The door marked 21 bangs open, and the gift unveiled is Passion.  Enthusiasm!  Energy!  I contend that this is another Universal endowment.  The word ‘enthusiasm’ has at its root the Greek ‘theos’, meaning God.  To be enthused is to be filled with God.  “In the throes of passion.”  See Bernini’s sculpture of “The Ecstasy of St. Theresa” for a marvelous visual example.  (We watched a video on this narrated by Simon Schama: “The Power of Art”.  Highly recommended!)  Is this kind of experience available to all or just the sainted few?

I believe that if you are open to the energy of passion, you will receive it.  And I believe this fact scares a lot of people, especially those in authority who are working to gain and maintain control.  Do you want to live in a passionless world?  Do you want to live in a tempest of energy?  Do you seek some Middle Way, a quiet infusion of God?  How have you marshaled and channeled energy by your own choices?  Have you felt someone else’s hand tempering your energy?

Excited to be back in Massachusetts (Photo by my oldest)

I think I was a pretty enthusiastic kid.  I was often told that I was loud.  My facial expressions were pretty dramatic.  I loved theater and the chance to “act out”.  My third grade teacher wrote in her notes to my mother that “the play’s the thing for your youngest daughter”.  I did feel that my parents were always asserting a more reasonable response.   They were intellectual and Anglican and well-mannered.  I wanted to please them, so I didn’t allow myself to be wild.  When I began voice lessons in college, one of the first things my teacher said to me was, “You sing as if you’d been told all your life to modulate your voice.”  How did she know?  So I had become outwardly prim and proper and covertly silly and animated.  My passion for my husband was greeted initially by my parents with the same kind of circumspection.   After all, I was only 15 when we met and 20 when we became engaged.  Gushing about how I “knew” he was the right one for me was unconvincing.  I prepared logical and practical reasons why I should marry before I graduated from college and while we were both unemployed.  His father was not at all persuaded.  My father had seen us courting and knew more intuitively that our determination was real, fueled by much more than reason, and that in a marriage, that is a definite harbinger of success.

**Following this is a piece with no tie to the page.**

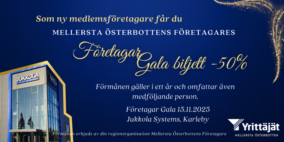Som nu medlem får du 50% rabatt på biljetten till Mellersta Österbottens Företagares Företagargala.
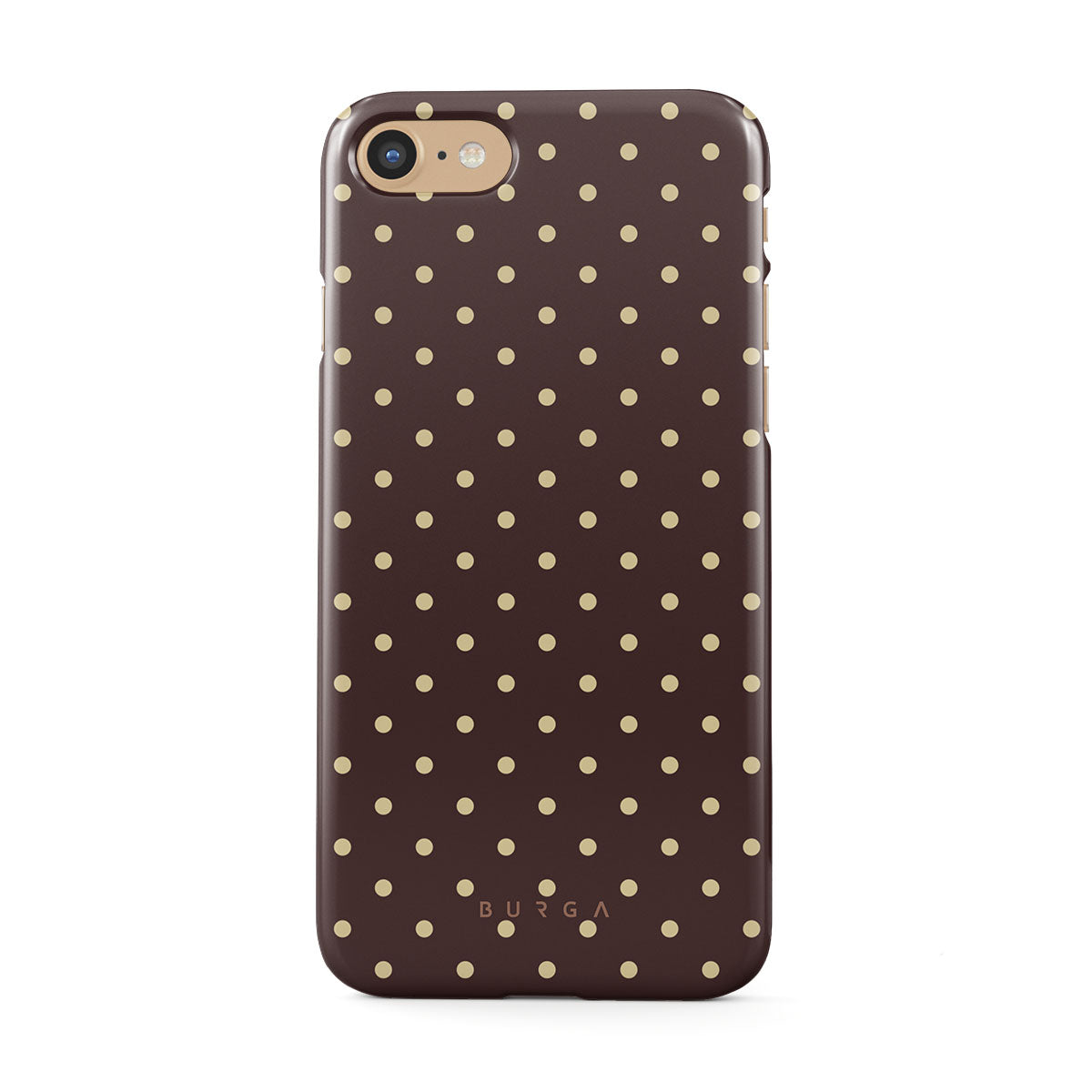 このデザインの特徴:茶色の背景、ベージュの水玉模様

I am still hesitant to show emotion and passion.  Steve is always delighted to see my enthusiasm about something, and frankly wary because it doesn’t assert itself in important decisions.  I was brought up to be very serious about decision-making, and to mistrust my enthusiasms.  Steve seems to approach the issues from the opposite direction.  He feels that the best reason for doing something is because you REALLY WANT TO!  In some ways, that seems like a no-brainer.  Problem is, I have esteemed The Brain far too much, I think.   So, I am learning to try to listen to those exuberant voices without shushing them so much.  And I am learning to be more open to the zeal of others.  My children, especially.  My parents modeled the “voice of reason”.   I can’t deny that I play that role in my parenting, but  I want to model the fervent voice of encouragement, too.  (This goes along with the ongoing safety/adventure discussion that I have with Danger Mommy.)  I keep trying to get away from dualism and embrace the dynamic whole.  “Don’t be so worried about ‘supposed to’,” says Judy Dench’s character in the movie “Chocolate”.

Is it possible to be both wise and passionate?  Is it possible for me to be both wise and passionate?  I’m hoping so.

Wise and Otherwise

December 20.  The 20th free gift of the month is something that can be acquired, but cannot be bought.  I don’t think that it can be given, either.  The gift is Wisdom.  According to Wikipedia, “Wisdom is a deep understanding and realization of people, things, events or situations, resulting in the ability to apply perceptions, judgements and actions in keeping with this understanding.”  In other words, “To recognize the significant in the factual is wisdom.” (Dietrich Bonhoeffer)  However, “We are made wise not by the recollection of our past, but by the responsibility for our future.  (George Bernard Shaw)  And finally, “It is unwise to be too sure of one’s own wisdom. It is healthy to be reminded that the strongest might weaken and the wisest might err.”  (Mohandas K. Gandhi)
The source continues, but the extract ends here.